In Asia, though, there's little doubt that the chip recovery has arrived. Ask Richard Chang, CEO of Shanghai-based Semiconductor Manufacturing International Corp., a "foundry" that manufactures chips to order for the likes of Infineon, Toshiba, and Fujitsu. After just two years in business, SMIC's two fabrication facilities, or fabs, are running flat out: "Our problem is, we don't have enough capacity," says Chang. So SMIC is bulking up, adding equipment to its factories in Shanghai along with a new plant in Beijing. And in a deal unveiled on Oct. 20, SMIC aims to buy Motorola's biggest Chinese chip plant, a $1 billion facility in Tianjin. If the deal is O.K.'d by Beijing, Motorola is likely to come away with a stake in SMIC and a guaranteed source of chips, say sources in Hong Kong.

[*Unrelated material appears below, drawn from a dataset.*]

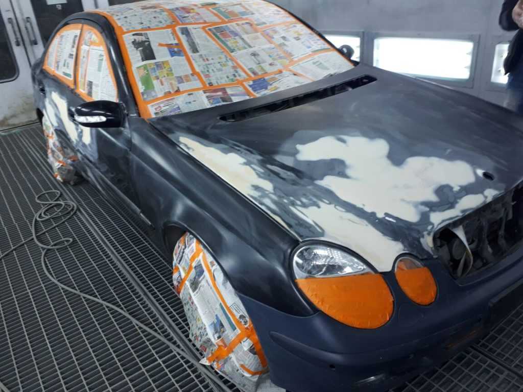 - Грунтовка, обработка поверхности автомобиля наждачной бумагой

The deal mirrors a broader reorganization going on in the chip world. While top-tier chipmakers such as Intel and Texas Instruments have stayed ahead of the pack by plowing billions of dollars into state-of-the-art plants, second-tier chipmakers are struggling. And desperation is driving them into the arms of Asia's flourishing foundries. "It will be a foundry world," says C.D. Tam, a 33-year Motorola veteran who ran the company's Asian operations until he retired in 2002 to become CEO of a Hong Kong science park.

STRUCTURAL SHIFT

For the biggest foundries, business is on track to match 2000, their best year ever. Taiwan Semiconductor Manufacturing Co., the world's largest foundry, is expected to record revenues of $5.9 billion this year with earnings of $1.3 billion, according to Merrill Lynch & Co. The No. 2 foundry, Taiwan's United Microelectronics Corp., was using less than 50% of its capacity 18 months ago. Today its plants are fully booked. Chronic money-loser Chartered Semiconductor Manufacturing Ltd. of Singapore is seeing an uptick too. And Malaysian foundry Silterra, which struggled since it opened its only fab in 2000, has no spare capacity either. "There has been a rapid turnaround," says Ahmad Pardas Senin, Silterra's executive director.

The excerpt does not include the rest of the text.